You could certainly write tomes about this topic — many people have done exactly that — and maybe I’m being a bit incurious to expect someone to serve me a quick answer on a silver platter instead of diving into as many articles and PDF books as I can get my hands on… But I’m also just kind of tired of having such extremely underdeveloped views on the most populous AES state and country in general, after I came to unlearn or mistrust whichever views I’d had on China previously.
Okay! That’s a good place to start. I’m not a China expert, but have been digging into it myself over the last few months because I had similar questions.
Essentially, from the POV of the modern CPC, growth was positive, but unstable towards the end of the Mao era and with the Gang of Four. During the Cultural Revolution, there was a real drive to achieve Communism soon, and this led to some degree of dogmatism over practicality. Deng adjusted, and set up an economy along with Zhou Enlai that would fold in foreign Capital while maintaining absolute supremacy, and leaving key sectors like energy, banking, steel, etc. Completely state owned, or close to it.

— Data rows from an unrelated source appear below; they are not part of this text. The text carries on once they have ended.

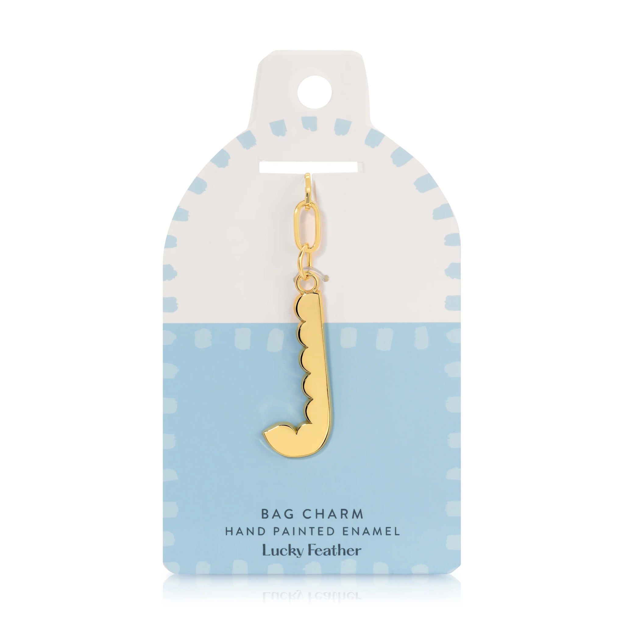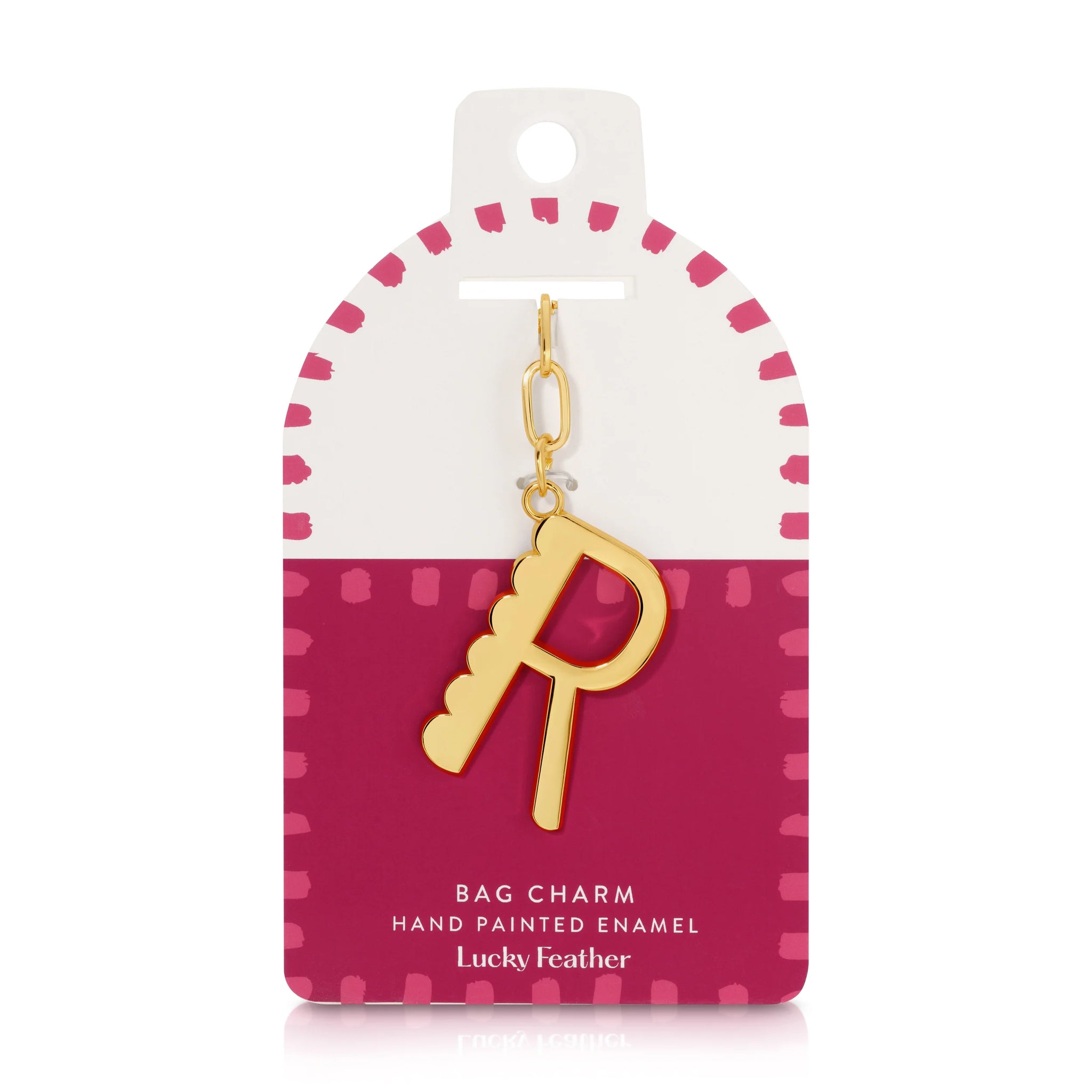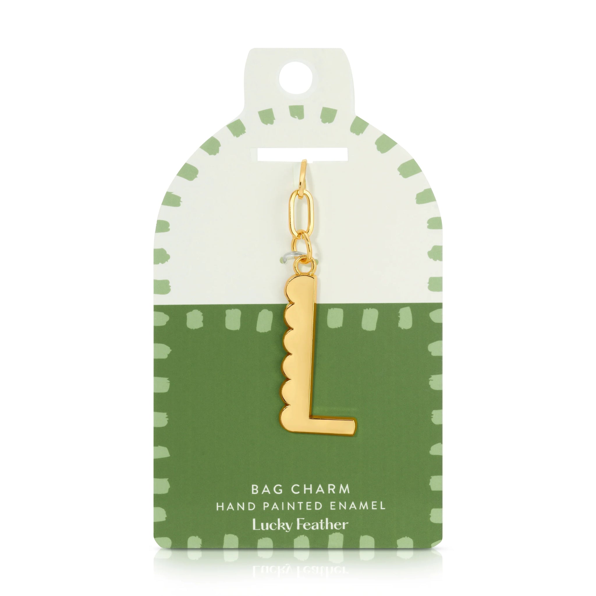 Add a personal touch with our chic 14k gold-plated Enamel Initial Bag Charms! These elegant letter charms feature a sturdy keyring and clasp.
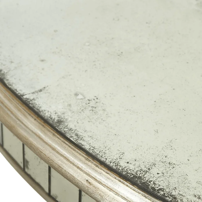 The turned, bulbous column and edge details are finished in Parisian silver, while the apron rail is inset with antiqued mirror tiles, above which there is a foxed mirror top.
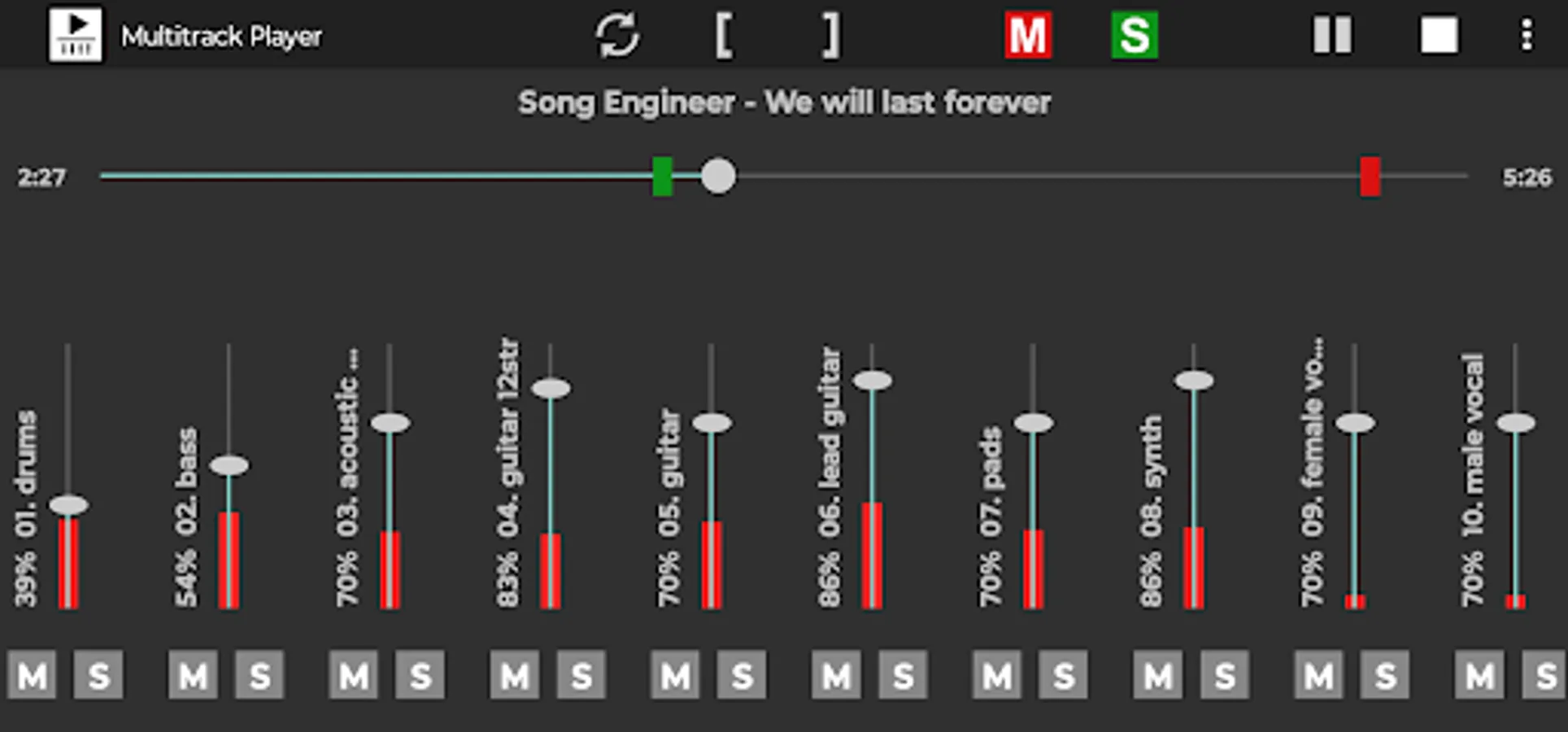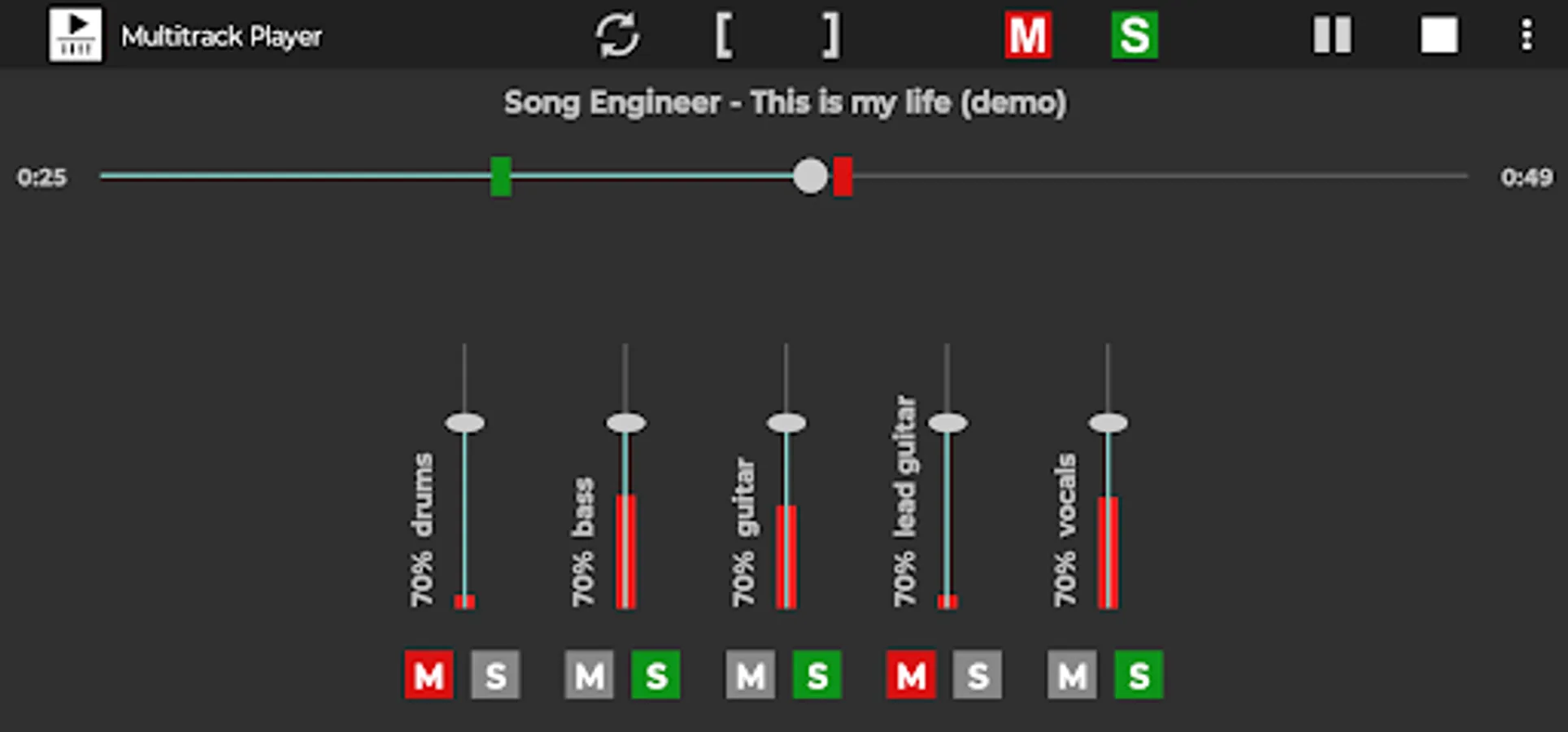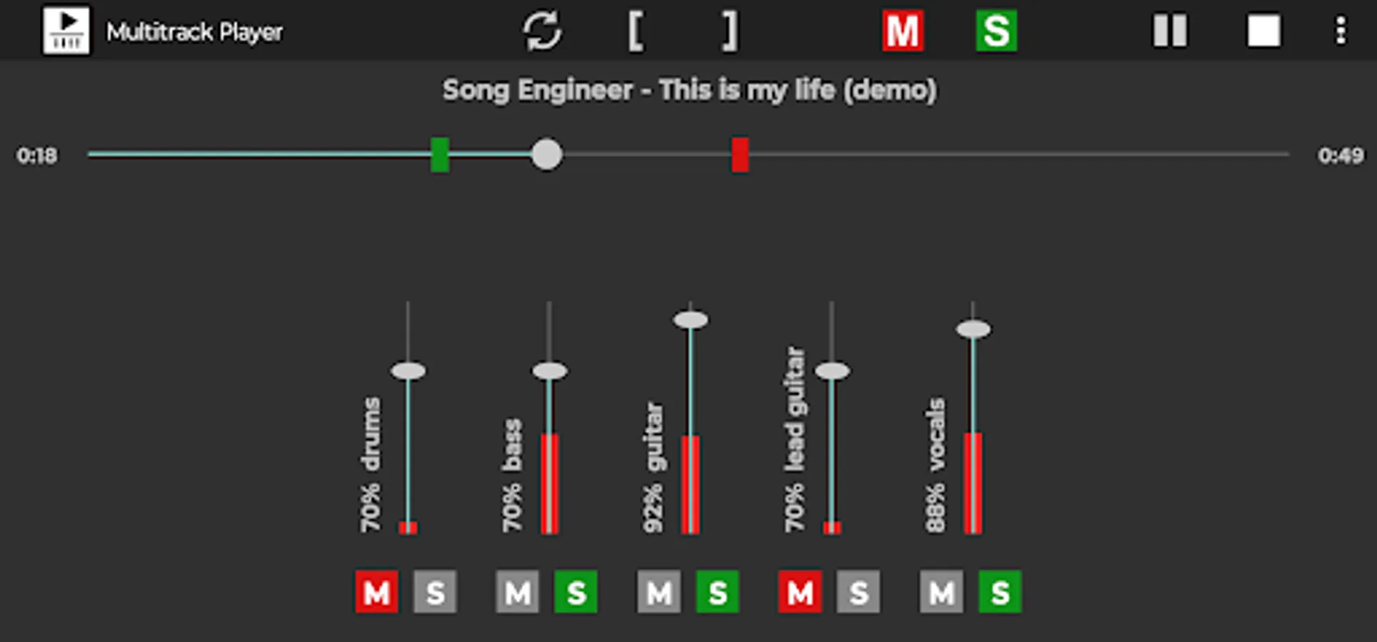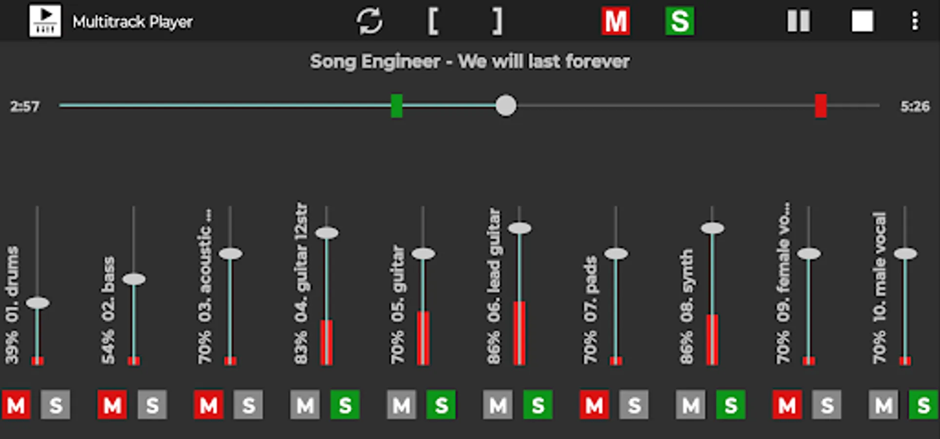 Multitrack Player is simple multitrack songs player. Just open folder that contains instrument track files and play it. You can solo/mute every instrument track and change its loudness level.

All along the way, the PRC watched the Soviet Union. They split, they sort of revonvened, and then the USSR fell. The PRC did not want to follow in the same footsteps, so they adopted a different policy with foreign policy. They shifted, along with Deng, to a more open form of foreign policy based on the concept of “mutual development.”
Under Xi, there has been a leftward shift, with the official line being that both Mao and Deng were principled Marxist-Leninists and that a balance of the two is what is correct. This extends to foreign policy, the economy, and more. Under Xi, there has been increasing control over the markets, trapped in a “birdcage model,” and BRICS and the BRI serve as driving factors towards destabilizing Imperialism without open conflict with the United States (though, if you ask me, such an event is very likely). They also always stand there for any AES country that comes into existence, so that others will not be alone, though they don’t assist with revolution the way the USSR did.
That serves as a massive oversimplification, and maybe didn’t even tell you anything new, but hopefully it helped!